Filed March 29, 1990.
Branka Petrie, pro se. Paul L. Dixon and J. Michal Nathan, for the respondent.
Memorandum Findings of Fact and Opinion
GALLOWAY, Special Trial Judge: This case was heard pursuant to the provisions of section 7443A(b) of the Internal Revenue Code of 1954 and Rules 180, 181, and 182. 1
1 All section references are to the Internal Revenue Code of 1954, as amended and in effect for the year in issue. All Rule references are to the Tax Court Rules of Practice and Procedure.
By notice of deficiency dated February 28, 1985, respondent determined a deficiency of $5,467 in petitioner's 1981 Federal income tax and additions to tax under sections 6653(a)(1) and 6653(a)(2) in the respective amounts of $273.65 and 50 percent of the interest due on the amount of $5,467. The issues for decision are: (1) whether the notice of deficiency in which respondent determined petitioner's tax liability was null and void; (2) whether petitioner understated toke income reported on her tax return; and (3) whether petitioner is liable for the additions to tax for negligence or intentional disregard of rules and regulations.
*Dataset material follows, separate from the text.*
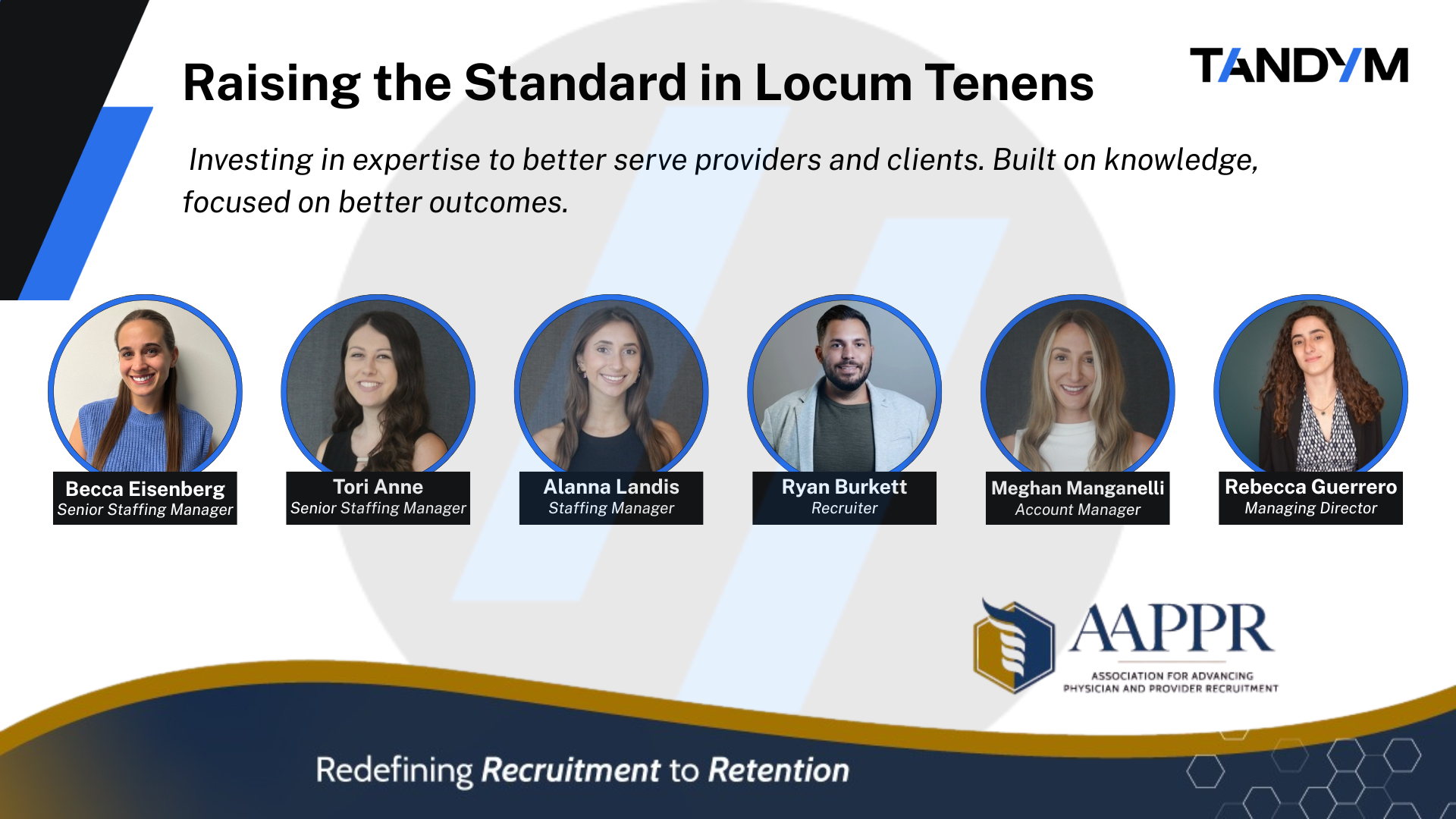 Tandym Group is proud to share that members of our Locum Tenens team have completed the Locum Tenens Management Certificate through AAPPR (Association for Advancing Physician and Provider Recruitment).

This case was one of a group of assigned cases called at a pre-trial session of the Court held at Las Vegas, Nevada. The cases contain common questions of fact or law and are among the remaining unresolved cases which arose from a toke compliance program initiated by respondent in Nevada in 1982. At the pretrial session, the Court requested all taxpayers to report on whether their cases would be settled or ready for trial at a future trial session in Las Vegas. The parties in this case requested that their case be tried at the Court's pre-trial session.
Some of the facts have been stipulated and are so found. The stipulation and attached exhibits are incorporated herein by reference. Our findings of fact and opinion are combined for the purposes of clarity and convenience.
Petitioner was a resident of Las Vegas, Nevada, when her petition was filed. She filed her 1981 return with the Internal Revenue Service Center in Ogden, Utah.
1. Validity of Notice of Deficiency
In her petition filed with the Court on April 25, 1985, petitioner alleges in part as follows:
Respondants have proceeded improperly in their unauthorized examination of petitioner's private transactions with employer. Section 7609 of Title 26 requires Notice of summons on third party record keepers. Respondants summoned records of petitioner from employer without Notice, to gather information to compute the alleged deficiency which would not have been possible without the unauthorized search of petitioners private transactions with her employer. Petitioner was denied the right to intervene in the search for her business records by respondants failure to give proper Notice. [Reproduced literally.]
At trial, petitioner further argued: (1) that this Court should suppress and exclude evidence secured by respondent which resulted in respondent's determination of petitioner's underreported toke income; and (2) respondent's notice of deficiency should be quashed because the information obtained by respondent to support respondent's determination was illegally obtained. Cf. Proesel v. Commissioner [Dec. 36,514], 73 T.C. 600, 601 (1979).
Petitioner has been employed in Las Vegas at Desert Palace, Inc., dba Caesar's Palace (Caesar's) since 1973. She has worked as a Twenty-one ("21") dealer since 1979. During 1981, the Internal Revenue Service (the Service) issued to Caesar's an Information Document Request (IDR) requesting the names, social security numbers and last known addresses of employees, including "21" dealers employed at Caesar's as of January 30, 1981. Petitioner's name and address was obtained in response to the IDR request.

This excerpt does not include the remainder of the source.